The political right-wing favours this type of “victim-bashing" approach because it avoids the pressure for social change. To blame the poor for their poverty ignores the fact that capitalism creates the wretched conditions in which many workers live. Capitalism fosters inequality and workers brought up in deprived circumstances have great difficulty in making economic progress. The worst schools, the worst social amenities and the worst job opportunities are all the very poor have access to. Children from poor families are under greater pressure to leave school as soon as possible in order that they can work and contribute to the family income. In addition, some housing estates have such bad reputations that it is difficult for workers living on them to borrow money or obtain mortgages. This has more to do with the continued deprivation from one generation to the next than any moral deficiency or lack of ability on the part of the workers.

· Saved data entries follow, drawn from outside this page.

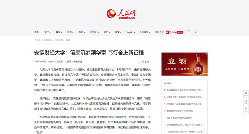5月12日,人民网以《乐竞在线注册:笔墨筑梦颂华章 笃行奋进新征程》为题,报道我校为深入学习宣传贯彻党的二十大精神,推动主题教育入脑入心,5月9日“‘笔墨筑梦颂华章 笃行奋进新征程’学习宣传贯彻党的二十大精神” 主题书法作品展开幕。本次参展的百余幅书法作品是由蚌埠市知名书法家、书法爱好者和我校师生共同创作,取材源自党的二十大报告中阐述的新理念、新观点、新论断、新思想、新要求,以笔墨传情礼赞新时代党和国家取得的伟大成就和发生的历史性变革。
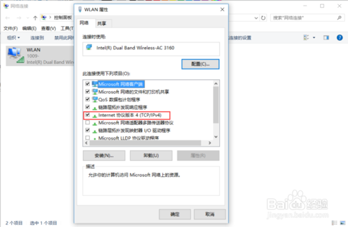 4:在弹出选项卡中,双击“internet协议版本4(TCP/iPv4)”。
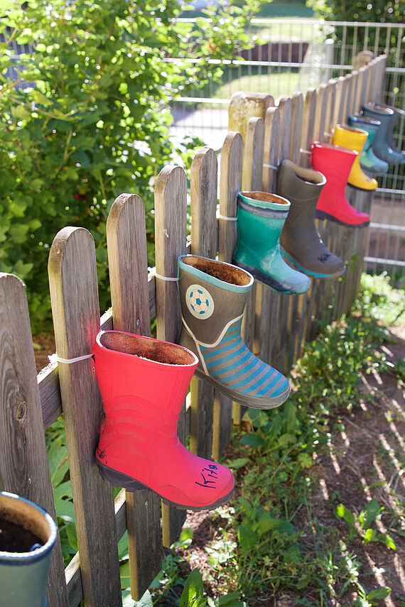 Draußen: großes naturnahes Außengelände, Sandspielplatz mit Sonnensegel, Wasserlauf, Gemüse- und Kräutergarten, Spielgeräte, Weidenhäuschen, Bauwagen und Kinderbaustelle.

Internal stresses within a family, personality clashes, sibling rivalry, incompatibility, worries about health, and misunderstandings between the different generations are similar for rich and poor alike. But the external stresses caused by poverty, unemployment, bad housing, overcrowding or homelessness only affect those who have to work for wages. It is these external stresses, and the fact that workers will have faced many of these problems during their own childhood that makes physical abuse more likely to happen in poor homes.
Poverty is violence
Social workers have failed to protect children because under capitalism their function is social control:
We have seen that the ruling class cannot maintain its exploitive domination simply by the direct repressive apparatus of the army, police, courts and prisons. Its legitimation has to be engineered through a range of ideological mechanisms. Social work operates primarily as part of these mechanisms.(P. Leonard, Poverty Consciousness and Action, 1975).
Capitalism distorts relationships. By putting a price on everything and subordinating all activities to the need to make a profit it has made us all rivals. It is no surprise that children have been regarded as their parents’ property, because capitalism prizes property above everything else.

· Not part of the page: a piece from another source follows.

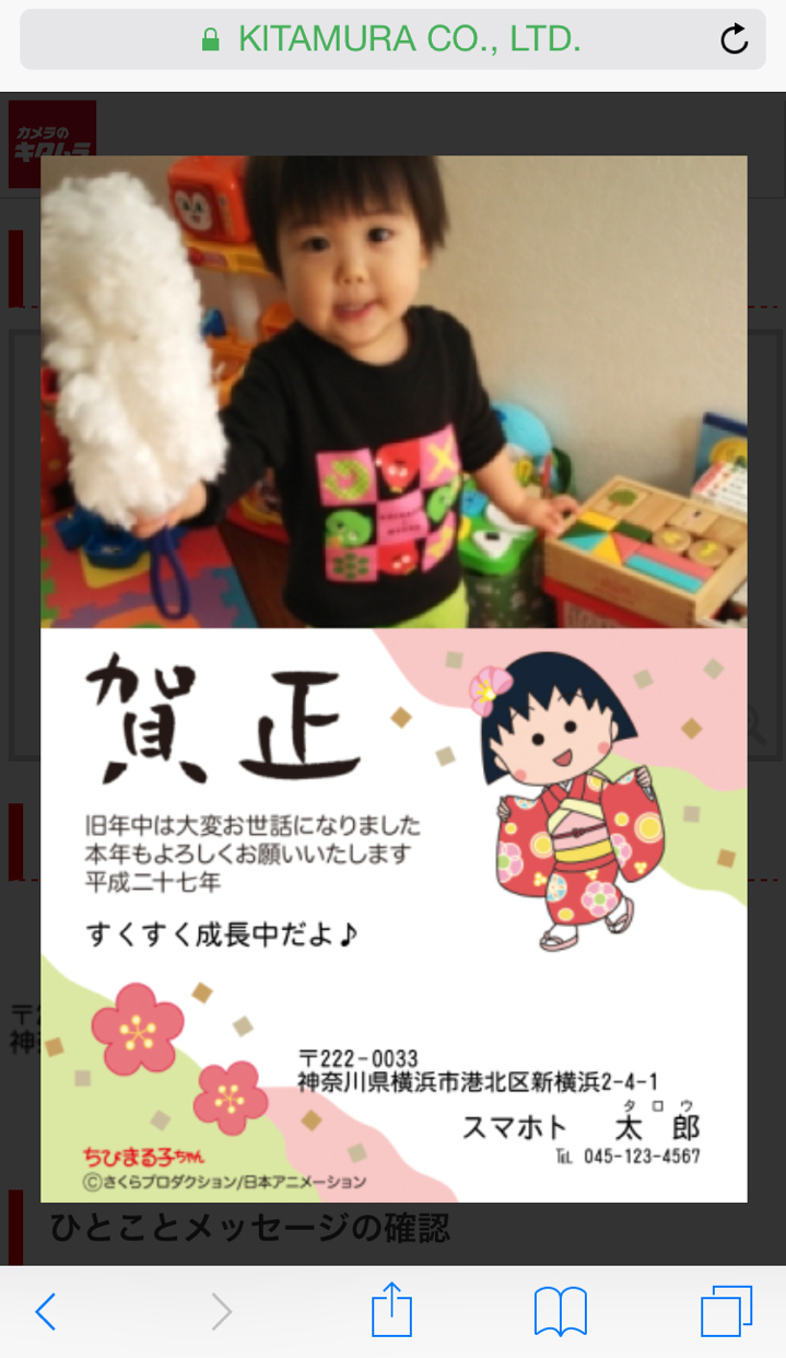 アプリ「写真年賀状 –カメラのキタムラ-」(iPhone、Android/無料)で出会えるキャラクターが「ちびまる子ちゃん」。

Hypocritically, individual acts of cruelty are condemned by politicians while children are allowed to starve in underdeveloped countries to maintain profits. In the Phillipines children work long hours in what amounts to little more than slavery without much condemnation from European reformers, some of whom are happy to reap the profits that are made.
In the case of Sukina Hammond the Daily Star carried huge headlines “Whipped to Death" and gave lurid details of the child’s suffering. But only a handful of cases are reported in this way. The majority of children killed by their parents will not be mentioned because they are not newsworthy enough. Even in death Sukina Hammond was exploited for a headline.
Workers owe it to themselves, their children and to future generations to remove the profit motive, the property tag and all the rivalries and suspicions which are inherent in competitive societies. Perhaps then children like Sukina Hammond will not have died in vain.